Precision is the percentage of positive predictions which were correct.

I.e. true positives as a percentage of all the positive predictions - column `predicted = 1`

in the confusion matrix.

```
Precision = True positive / (True positive + False positive)
= 2 / (2 + 0)
= 1.00
```

### Recall

Recall is the percentage of actual positive values which were predicted correctly.

I.e. the percentage of true positives in the row where `actual = 1`

.

```
Recall = True positive / (True positive + False negative)
= 2 / (2 + 1)
= 0.67
```

### F1-score

The F1-score ranges from **0 to 1**, with 1 being the best and 0 being the worst.

F1-score is the harmonic mean of **precision** and **recall**.

```
F1-score = 2 * (Precision * Recall) / (Precision + Recall)
= 2 * (1.00 * 0.67) / (1.00 + 0.67)
= 0.80
```

For a model which classifies into more than one category, the precision, recall, and F1-score of each class can be calculated. Then an average of these F1-scores can be used as a score for the entire model - more on this below.

## Classification report

If all these calculations seem laborious, don’t worry! These all get calculated for you with `classification_report()`

.

```
from sklearn.metrics import classification_report
print(classification_report(y_test, y_predicted))
---
precision recall f1-score support
0 0.75 1.00 0.86 3
1 1.00 0.67 0.80 3
accuracy 0.83 6
macro avg 0.88 0.83 0.83 6
weighted avg 0.88 0.83 0.83 6
```

For our case, where we only have a binary output, `0`

or `1`

, you should read the row with `1`

for the model’s overall precision, recall, and F1-score.

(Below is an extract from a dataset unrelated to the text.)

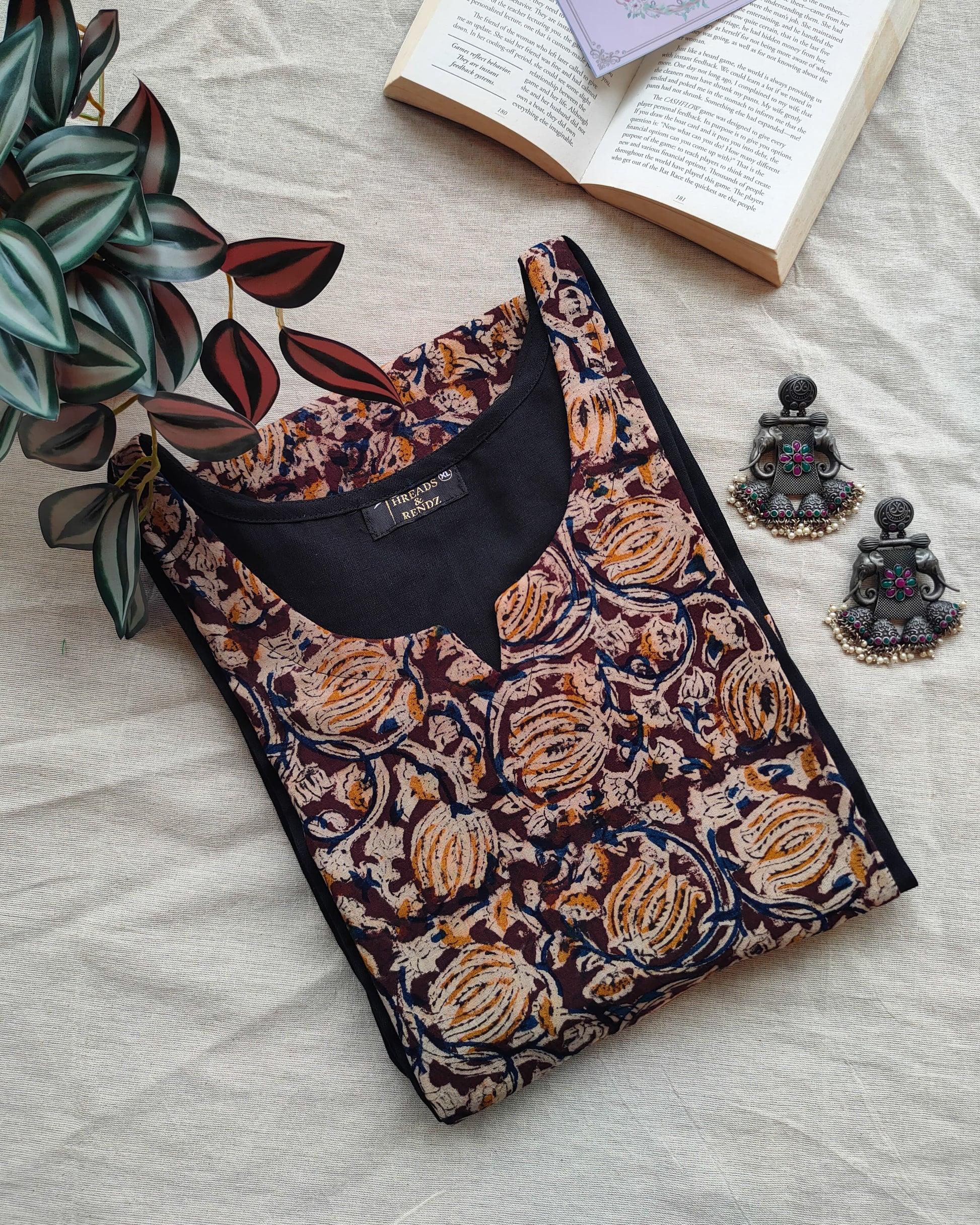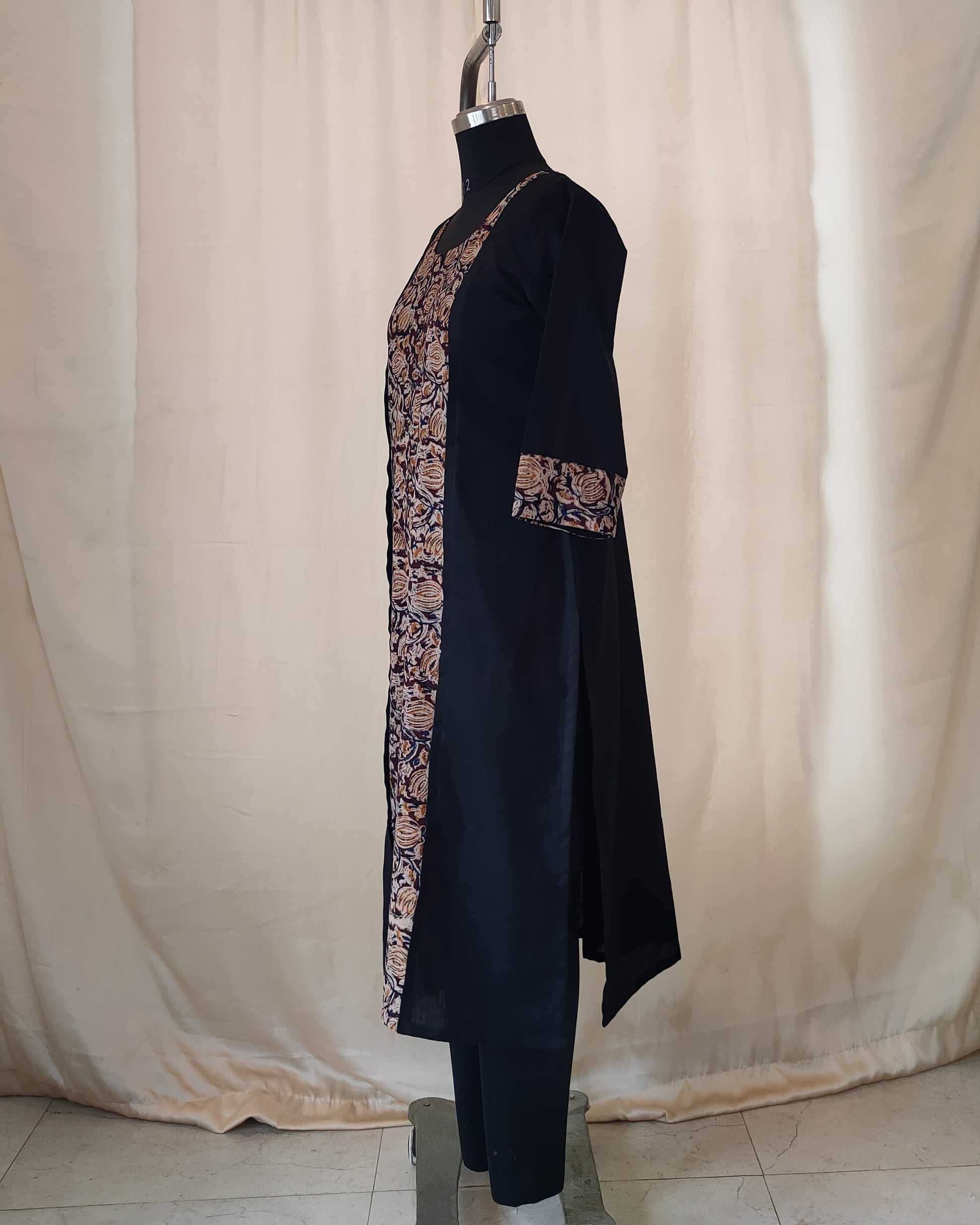 A sophisticated Black straight-cut cotton kurta featuring an exquisite Kalamkari patterned panel running down the front. The straight silhouette offers a clean, contemporary fit in a comfortable, breathable cotton fabric. This piece perfectly balances modern monochrome with a traditional touch, making it ideal for professional settings or cultural events. The contrasting Kalamkari panel provides a striking focal point and a subtle storytelling element.

You can see that the model has an F1-score of 0.8, which is what we calculated manually above.

If we had a multi-class model (i.e. more output options than just `0`

and `1`

), then you could use the weighted average of each class’s F1-score as a score for the model. This takes into account the number of actual observations for each class, which is shown under the `support`

column. This is calculated for you in the `weighted avg`

row.

## Accuracy score vs. F1-score

One of the benefits of using accuracy score is that it’s easy to interpret. If a model predicts 95% of the classifications correctly, then the accuracy score will be 95%.

However, this can be a problem for cases where the model is predicting something that actually happens 95% of the time.

For example, the probability that a patient is healthy. If the model simply says that every patient patient is healthy regardless of the inputs, it would still have a high accuracy score of 95% as it would be correct 95% of the time!

This is where F1-score comes in useful, as it takes into account how the data is distributed between true/false positives and negatives. Therefore, it’s a good idea to use F1-score when we can see a large imbalance between the groups on a confusion matrix.